GIVEN INFORMATION:
++++++
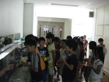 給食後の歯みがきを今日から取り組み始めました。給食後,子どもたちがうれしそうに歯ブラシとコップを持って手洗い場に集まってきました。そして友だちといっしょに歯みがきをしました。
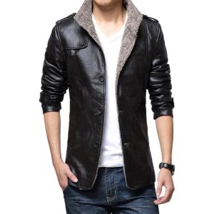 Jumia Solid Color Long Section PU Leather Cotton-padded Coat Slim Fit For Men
++++++
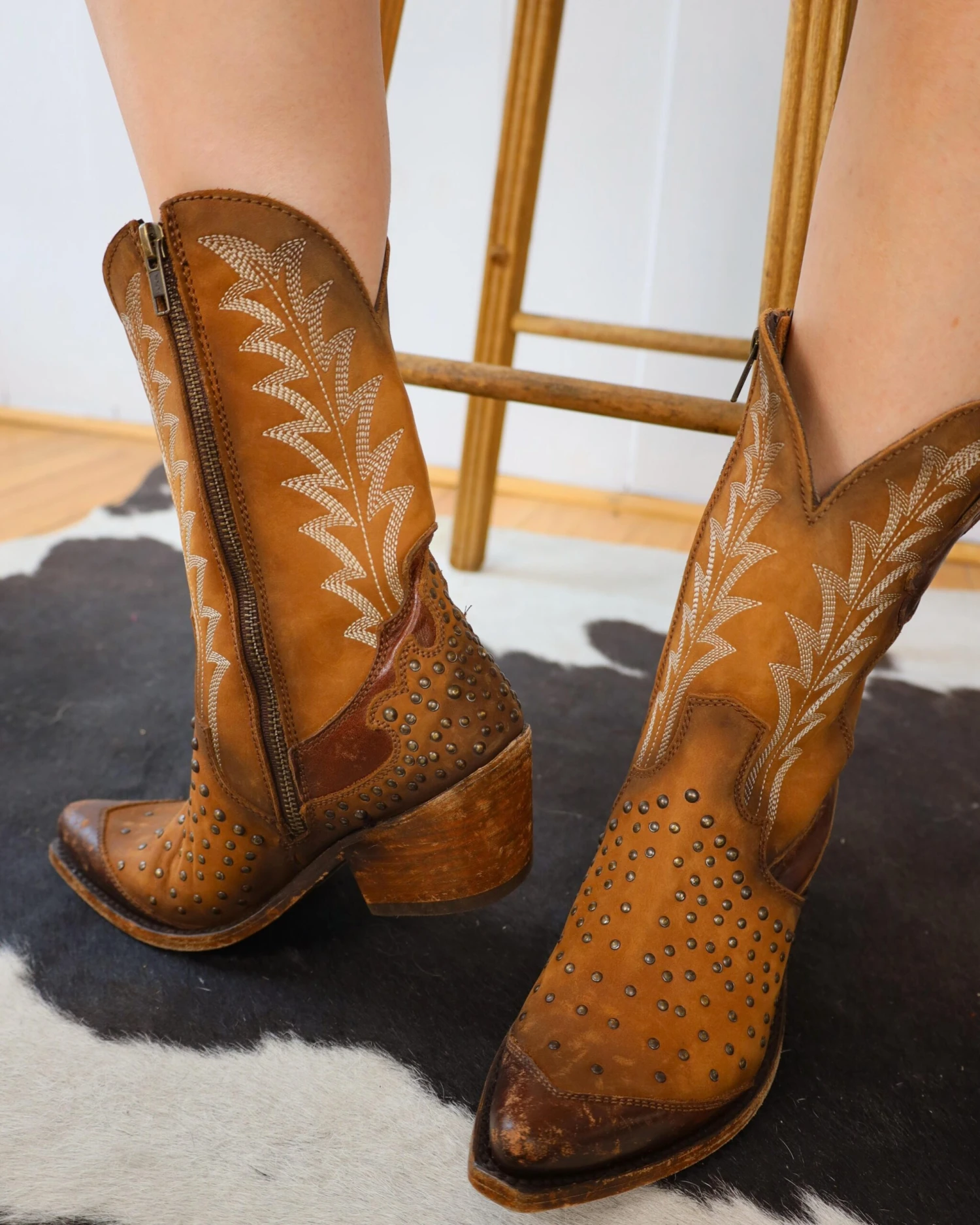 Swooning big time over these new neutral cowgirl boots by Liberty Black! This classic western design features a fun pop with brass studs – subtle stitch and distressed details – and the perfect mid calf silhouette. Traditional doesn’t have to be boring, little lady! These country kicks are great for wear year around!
++++++
WHAT TO PRODUCE: From the records above, copy only the lines running from the line holding "給食後の歯みがきを今日から取" through the line holding "Jumia Solid Color", with no pictures.

OUTPUT:
 給食後の歯みがきを今日から取り組み始めました。給食後,子どもたちがうれしそうに歯ブラシとコップを持って手洗い場に集まってきました。そして友だちといっしょに歯みがきをしました。
 Jumia Solid Color Long Section PU Leather Cotton-padded Coat Slim Fit For Men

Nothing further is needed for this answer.